Look through the listing below for the line containing "PLAID‑LINED DISTRESSED JEANS". Copy it and each line after it up to and including the line containing "54 x 37 cm. .", exactly, leaving out pictures.

▶ [Records supplied]

-- Opening Marker --

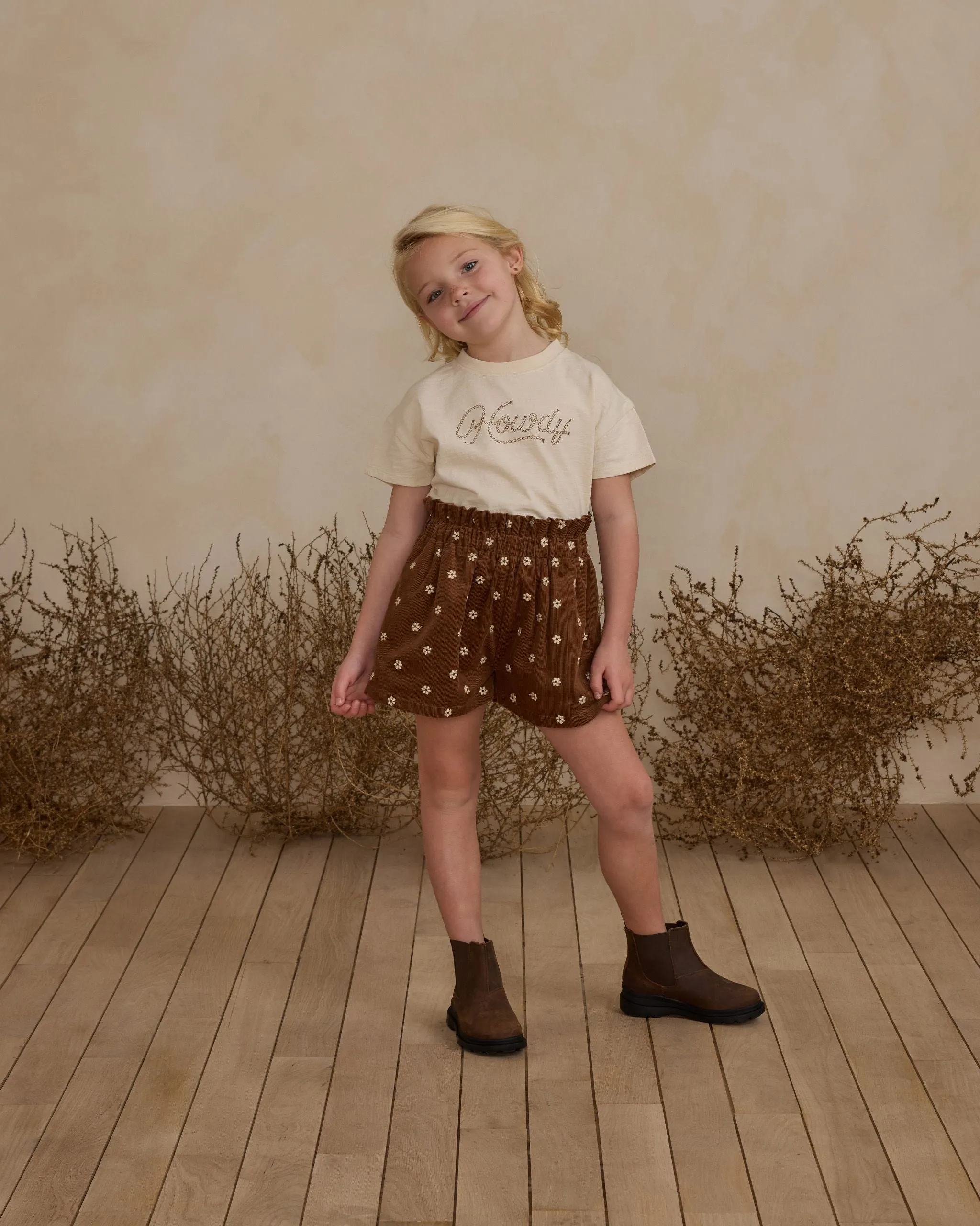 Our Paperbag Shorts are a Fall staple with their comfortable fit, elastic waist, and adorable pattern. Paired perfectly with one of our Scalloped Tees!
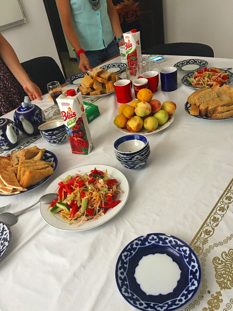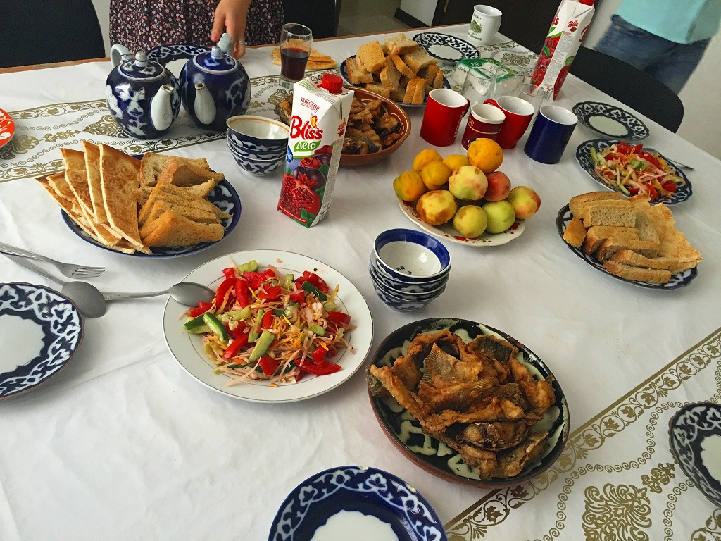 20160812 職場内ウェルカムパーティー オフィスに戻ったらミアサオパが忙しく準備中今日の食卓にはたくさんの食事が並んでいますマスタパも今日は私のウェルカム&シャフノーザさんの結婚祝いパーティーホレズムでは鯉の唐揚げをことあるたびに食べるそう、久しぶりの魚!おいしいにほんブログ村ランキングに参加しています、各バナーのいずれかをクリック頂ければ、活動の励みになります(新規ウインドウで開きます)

-- Closing Marker --
-- Opening Marker --

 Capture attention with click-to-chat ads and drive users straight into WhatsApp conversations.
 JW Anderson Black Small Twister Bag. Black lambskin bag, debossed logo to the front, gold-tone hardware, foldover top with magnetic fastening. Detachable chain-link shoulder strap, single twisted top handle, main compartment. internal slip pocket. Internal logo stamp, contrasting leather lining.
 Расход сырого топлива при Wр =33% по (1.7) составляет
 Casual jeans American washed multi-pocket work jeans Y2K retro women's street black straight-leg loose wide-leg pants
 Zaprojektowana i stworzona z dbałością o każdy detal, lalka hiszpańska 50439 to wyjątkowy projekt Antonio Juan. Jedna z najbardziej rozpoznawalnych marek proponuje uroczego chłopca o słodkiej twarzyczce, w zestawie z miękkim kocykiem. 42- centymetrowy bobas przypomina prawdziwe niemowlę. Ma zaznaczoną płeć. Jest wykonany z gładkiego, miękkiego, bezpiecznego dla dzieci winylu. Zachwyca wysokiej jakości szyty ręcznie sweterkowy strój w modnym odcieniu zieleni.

-- Closing Marker --
-- Opening Marker --

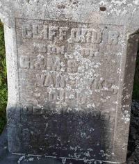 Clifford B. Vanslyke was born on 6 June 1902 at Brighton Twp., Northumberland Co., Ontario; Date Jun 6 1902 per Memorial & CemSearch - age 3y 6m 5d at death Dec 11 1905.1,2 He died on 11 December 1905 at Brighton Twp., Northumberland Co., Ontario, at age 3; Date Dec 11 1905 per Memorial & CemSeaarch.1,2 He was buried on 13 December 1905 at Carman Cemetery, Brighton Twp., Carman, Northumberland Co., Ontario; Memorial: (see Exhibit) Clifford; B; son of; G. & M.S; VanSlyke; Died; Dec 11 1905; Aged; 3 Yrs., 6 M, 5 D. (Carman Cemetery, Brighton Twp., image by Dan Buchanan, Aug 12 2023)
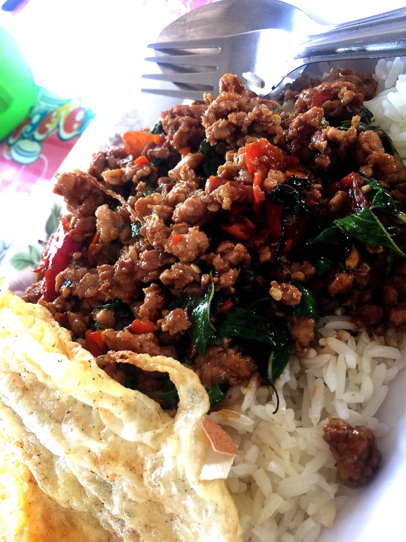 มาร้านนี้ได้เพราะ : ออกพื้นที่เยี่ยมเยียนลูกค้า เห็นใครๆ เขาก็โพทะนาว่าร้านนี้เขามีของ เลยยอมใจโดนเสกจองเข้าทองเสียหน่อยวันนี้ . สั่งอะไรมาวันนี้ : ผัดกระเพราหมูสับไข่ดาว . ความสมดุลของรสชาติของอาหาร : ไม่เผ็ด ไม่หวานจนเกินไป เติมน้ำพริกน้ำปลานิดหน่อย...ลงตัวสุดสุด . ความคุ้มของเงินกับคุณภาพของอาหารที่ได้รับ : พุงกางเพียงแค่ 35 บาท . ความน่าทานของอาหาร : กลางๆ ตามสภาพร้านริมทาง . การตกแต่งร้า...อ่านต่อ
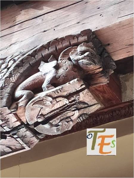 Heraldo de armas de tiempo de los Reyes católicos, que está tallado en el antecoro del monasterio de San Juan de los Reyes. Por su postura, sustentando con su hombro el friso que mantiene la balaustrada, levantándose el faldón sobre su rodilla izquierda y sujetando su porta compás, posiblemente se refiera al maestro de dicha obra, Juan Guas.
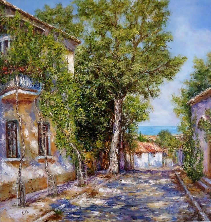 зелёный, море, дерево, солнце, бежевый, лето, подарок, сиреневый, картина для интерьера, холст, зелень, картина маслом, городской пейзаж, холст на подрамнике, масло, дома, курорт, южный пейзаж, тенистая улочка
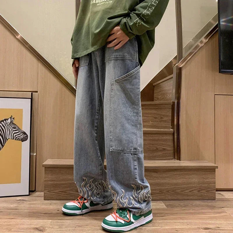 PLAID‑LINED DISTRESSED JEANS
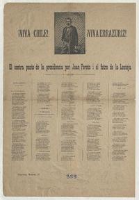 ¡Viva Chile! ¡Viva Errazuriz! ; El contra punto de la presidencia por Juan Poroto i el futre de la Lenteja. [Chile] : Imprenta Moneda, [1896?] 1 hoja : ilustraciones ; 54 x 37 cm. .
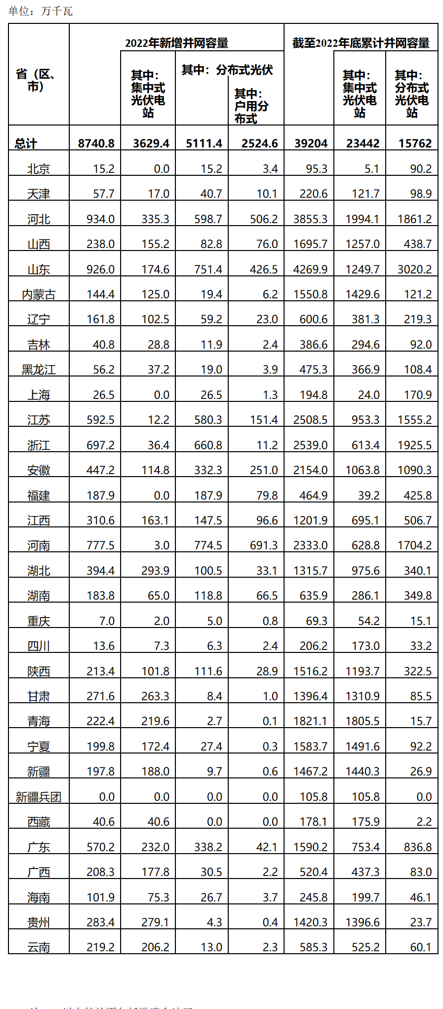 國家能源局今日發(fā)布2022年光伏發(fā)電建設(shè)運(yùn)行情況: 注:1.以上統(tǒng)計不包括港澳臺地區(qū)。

-- Closing Marker --

▶ [Written solution]
 PLAID‑LINED DISTRESSED JEANS
 ¡Viva Chile! ¡Viva Errazuriz! ; El contra punto de la presidencia por Juan Poroto i el futre de la Lenteja. [Chile] : Imprenta Moneda, [1896?] 1 hoja : ilustraciones ; 54 x 37 cm. .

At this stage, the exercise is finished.